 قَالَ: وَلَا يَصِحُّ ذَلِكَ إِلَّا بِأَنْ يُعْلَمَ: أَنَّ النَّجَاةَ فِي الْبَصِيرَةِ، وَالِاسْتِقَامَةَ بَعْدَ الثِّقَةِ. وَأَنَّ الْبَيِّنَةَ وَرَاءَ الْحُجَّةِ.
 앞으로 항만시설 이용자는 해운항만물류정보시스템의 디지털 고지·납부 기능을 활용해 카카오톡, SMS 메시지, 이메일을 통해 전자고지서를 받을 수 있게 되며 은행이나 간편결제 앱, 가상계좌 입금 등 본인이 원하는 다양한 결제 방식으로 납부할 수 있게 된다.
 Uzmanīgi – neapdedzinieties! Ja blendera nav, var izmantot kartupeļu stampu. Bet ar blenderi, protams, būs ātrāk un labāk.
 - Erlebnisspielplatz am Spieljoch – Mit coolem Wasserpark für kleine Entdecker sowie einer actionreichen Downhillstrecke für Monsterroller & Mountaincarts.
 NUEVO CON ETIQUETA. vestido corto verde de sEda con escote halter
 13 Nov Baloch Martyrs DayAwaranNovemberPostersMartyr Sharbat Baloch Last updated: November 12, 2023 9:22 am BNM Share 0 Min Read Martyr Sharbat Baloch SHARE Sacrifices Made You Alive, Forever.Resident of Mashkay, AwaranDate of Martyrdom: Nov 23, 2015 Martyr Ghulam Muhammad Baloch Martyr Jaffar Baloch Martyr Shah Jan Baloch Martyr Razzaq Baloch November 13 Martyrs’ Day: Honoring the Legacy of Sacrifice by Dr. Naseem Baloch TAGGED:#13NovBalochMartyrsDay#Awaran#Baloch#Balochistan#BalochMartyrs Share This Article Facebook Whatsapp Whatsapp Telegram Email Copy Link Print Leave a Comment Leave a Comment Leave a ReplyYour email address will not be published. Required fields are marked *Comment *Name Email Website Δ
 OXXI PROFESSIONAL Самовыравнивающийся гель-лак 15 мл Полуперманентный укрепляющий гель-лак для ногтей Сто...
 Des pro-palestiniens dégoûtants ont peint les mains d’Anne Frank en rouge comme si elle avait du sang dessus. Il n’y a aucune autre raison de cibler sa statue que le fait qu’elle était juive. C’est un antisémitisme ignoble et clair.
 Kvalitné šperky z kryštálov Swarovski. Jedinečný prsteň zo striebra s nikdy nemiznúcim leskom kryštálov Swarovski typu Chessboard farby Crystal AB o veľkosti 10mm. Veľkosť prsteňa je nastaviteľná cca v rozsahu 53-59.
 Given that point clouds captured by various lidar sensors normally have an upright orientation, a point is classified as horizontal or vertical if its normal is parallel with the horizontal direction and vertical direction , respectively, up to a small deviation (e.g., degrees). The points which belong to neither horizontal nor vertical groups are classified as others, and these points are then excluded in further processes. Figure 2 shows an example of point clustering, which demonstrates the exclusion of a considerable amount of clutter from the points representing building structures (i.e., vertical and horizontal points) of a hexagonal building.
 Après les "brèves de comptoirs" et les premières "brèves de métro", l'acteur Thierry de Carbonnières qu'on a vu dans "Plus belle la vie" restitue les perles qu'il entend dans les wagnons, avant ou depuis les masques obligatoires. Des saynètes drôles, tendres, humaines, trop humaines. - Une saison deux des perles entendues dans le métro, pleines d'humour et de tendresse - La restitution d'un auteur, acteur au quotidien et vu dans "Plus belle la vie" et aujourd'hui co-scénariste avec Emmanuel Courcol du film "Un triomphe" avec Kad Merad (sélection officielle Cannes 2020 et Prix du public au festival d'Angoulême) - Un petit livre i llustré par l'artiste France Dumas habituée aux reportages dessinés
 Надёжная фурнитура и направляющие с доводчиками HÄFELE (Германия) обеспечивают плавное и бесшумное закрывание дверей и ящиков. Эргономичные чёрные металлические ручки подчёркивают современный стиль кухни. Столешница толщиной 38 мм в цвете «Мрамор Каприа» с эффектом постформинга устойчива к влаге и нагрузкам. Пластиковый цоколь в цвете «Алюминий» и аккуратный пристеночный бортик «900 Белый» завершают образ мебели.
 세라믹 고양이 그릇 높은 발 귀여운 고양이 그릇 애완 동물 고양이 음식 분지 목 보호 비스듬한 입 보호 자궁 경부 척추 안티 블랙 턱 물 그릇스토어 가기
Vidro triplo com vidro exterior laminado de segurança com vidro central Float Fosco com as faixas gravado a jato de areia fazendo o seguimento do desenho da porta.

= = = =

EXERCISE DIRECTIONS:
Word for word, transcribe all of the entries shown above.

SOLUTION:
 قَالَ: وَلَا يَصِحُّ ذَلِكَ إِلَّا بِأَنْ يُعْلَمَ: أَنَّ النَّجَاةَ فِي الْبَصِيرَةِ، وَالِاسْتِقَامَةَ بَعْدَ الثِّقَةِ. وَأَنَّ الْبَيِّنَةَ وَرَاءَ الْحُجَّةِ.
 앞으로 항만시설 이용자는 해운항만물류정보시스템의 디지털 고지·납부 기능을 활용해 카카오톡, SMS 메시지, 이메일을 통해 전자고지서를 받을 수 있게 되며 은행이나 간편결제 앱, 가상계좌 입금 등 본인이 원하는 다양한 결제 방식으로 납부할 수 있게 된다.
 Uzmanīgi – neapdedzinieties! Ja blendera nav, var izmantot kartupeļu stampu. Bet ar blenderi, protams, būs ātrāk un labāk.
 - Erlebnisspielplatz am Spieljoch – Mit coolem Wasserpark für kleine Entdecker sowie einer actionreichen Downhillstrecke für Monsterroller & Mountaincarts.
 NUEVO CON ETIQUETA. vestido corto verde de sEda con escote halter
 13 Nov Baloch Martyrs DayAwaranNovemberPostersMartyr Sharbat Baloch Last updated: November 12, 2023 9:22 am BNM Share 0 Min Read Martyr Sharbat Baloch SHARE Sacrifices Made You Alive, Forever.Resident of Mashkay, AwaranDate of Martyrdom: Nov 23, 2015 Martyr Ghulam Muhammad Baloch Martyr Jaffar Baloch Martyr Shah Jan Baloch Martyr Razzaq Baloch November 13 Martyrs’ Day: Honoring the Legacy of Sacrifice by Dr. Naseem Baloch TAGGED:#13NovBalochMartyrsDay#Awaran#Baloch#Balochistan#BalochMartyrs Share This Article Facebook Whatsapp Whatsapp Telegram Email Copy Link Print Leave a Comment Leave a Comment Leave a ReplyYour email address will not be published. Required fields are marked *Comment *Name Email Website Δ
 OXXI PROFESSIONAL Самовыравнивающийся гель-лак 15 мл Полуперманентный укрепляющий гель-лак для ногтей Сто...
 Des pro-palestiniens dégoûtants ont peint les mains d’Anne Frank en rouge comme si elle avait du sang dessus. Il n’y a aucune autre raison de cibler sa statue que le fait qu’elle était juive. C’est un antisémitisme ignoble et clair.
 Kvalitné šperky z kryštálov Swarovski. Jedinečný prsteň zo striebra s nikdy nemiznúcim leskom kryštálov Swarovski typu Chessboard farby Crystal AB o veľkosti 10mm. Veľkosť prsteňa je nastaviteľná cca v rozsahu 53-59.
 Given that point clouds captured by various lidar sensors normally have an upright orientation, a point is classified as horizontal or vertical if its normal is parallel with the horizontal direction and vertical direction , respectively, up to a small deviation (e.g., degrees). The points which belong to neither horizontal nor vertical groups are classified as others, and these points are then excluded in further processes. Figure 2 shows an example of point clustering, which demonstrates the exclusion of a considerable amount of clutter from the points representing building structures (i.e., vertical and horizontal points) of a hexagonal building.
 Après les "brèves de comptoirs" et les premières "brèves de métro", l'acteur Thierry de Carbonnières qu'on a vu dans "Plus belle la vie" restitue les perles qu'il entend dans les wagnons, avant ou depuis les masques obligatoires. Des saynètes drôles, tendres, humaines, trop humaines. - Une saison deux des perles entendues dans le métro, pleines d'humour et de tendresse - La restitution d'un auteur, acteur au quotidien et vu dans "Plus belle la vie" et aujourd'hui co-scénariste avec Emmanuel Courcol du film "Un triomphe" avec Kad Merad (sélection officielle Cannes 2020 et Prix du public au festival d'Angoulême) - Un petit livre i llustré par l'artiste France Dumas habituée aux reportages dessinés
 Надёжная фурнитура и направляющие с доводчиками HÄFELE (Германия) обеспечивают плавное и бесшумное закрывание дверей и ящиков. Эргономичные чёрные металлические ручки подчёркивают современный стиль кухни. Столешница толщиной 38 мм в цвете «Мрамор Каприа» с эффектом постформинга устойчива к влаге и нагрузкам. Пластиковый цоколь в цвете «Алюминий» и аккуратный пристеночный бортик «900 Белый» завершают образ мебели.
 세라믹 고양이 그릇 높은 발 귀여운 고양이 그릇 애완 동물 고양이 음식 분지 목 보호 비스듬한 입 보호 자궁 경부 척추 안티 블랙 턱 물 그릇스토어 가기
Vidro triplo com vidro exterior laminado de segurança com vidro central Float Fosco com as faixas gravado a jato de areia fazendo o seguimento do desenho da porta.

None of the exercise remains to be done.